Hybrid algorithms can be regarded as a mix of the previous approaches, thus configuring a procedure which involves both splitting and merging phases. In [14], authors proposed the adaptation of the Scale Invariant Feature Transform SIFT [15] approach in the context of text character localization in graphical documents. This method uses a combination of bottom-up and top-down approaches to separate and locate text characters. They extract knowledge from a bottom-up approach and use them in a top-down approach. Other hybrid algorithms are reported in [1618].

Along with research in the text localization from still images, several algorithms have been proposed for text localization in videos. Video images often have complex backgrounds with strong edge or texture clutter, and it is very difficult to detect the graphic or scene text with high accuracy [19]. In [20], authors proposed a new localization and recognition method for scoreboard text in sport videos. The method first matches the SIFT points using a modified matching technique between two frames extracted from a video clip and then localizes the scoreboard by computing a robust estimate of the matched point cloud in a two-stage non-scoreboard filter process based on some domain rules. Some other text localization methods from videos are reported in [19, 21, 22].

This article proposes a new bottom-up method which detects and extracts homogeneous text in document images indifferent to font types and size by using connected components analysis for the object detection, document structure elements (DSE) to construct a descriptor and SVM to tag the appropriate objects as text. The proposed technique has the ability to adapt to the peculiarities of each document images database since the features are adjustable. It provides also the ability to increase or decrease text localization speed by the manipulation of the block descriptor length. A preliminary version of this work has been presented in [23].

Figure 1 depicts the overall structure of the proposed algorithm. After applying preprocessing techniques (median filtering and binarization), the initial blocks are identified using the connected component analysis (CCA) method. Then, these blocks are expanded and merged to model lines of text.

Figure 1

The steps of the proposed text-extraction algorithm.

Next, a descriptor that consists of a set of structural features (determined by a procedure called standard deviation analysis of structure elements--SDASE) is extracted from the merged blocks and used as input to a trained SVM. Finally, the output of the SVM defines the block as text or not.

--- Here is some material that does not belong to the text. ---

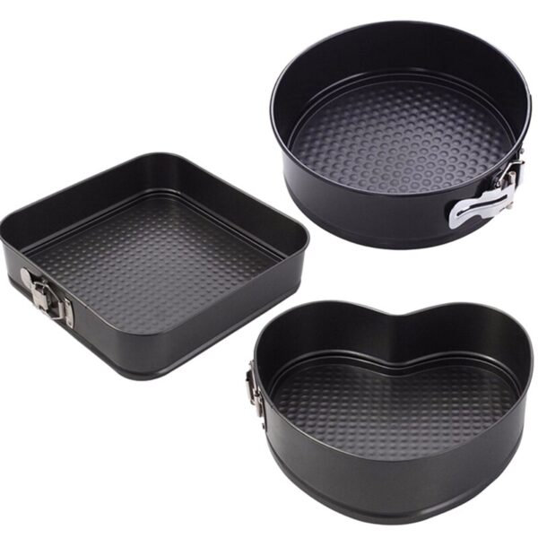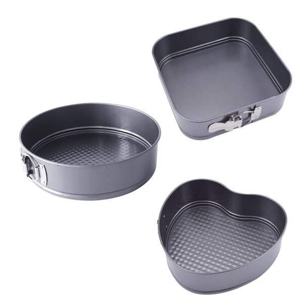 Set od 3 kalupa za torte i kolače, Okrugli (prečnik – 26 cm), četvrtasti (prečnik 28cm) i u obliku srca (prečnik 24cm, visina 7 cm), Obruč koji se skida, Može se peći u njima

The rest of the article is organized as follows: Section 2 describes the block detection method while Section 3 explains the creation of the block descriptor using a novel algorithm called SDASE. Section 4 presents the SVM and the algorithm to train them. Section 5 contains the evaluation and the experimental results of the text-extraction technique, and finally, the conclusions are drawn in Section 6.

2 Block detection using connected components labeling and filtering

The primary aim of the block detection method is to detect and extract all the objects of a document. This is accomplished using the connected components labeling and filtering technique.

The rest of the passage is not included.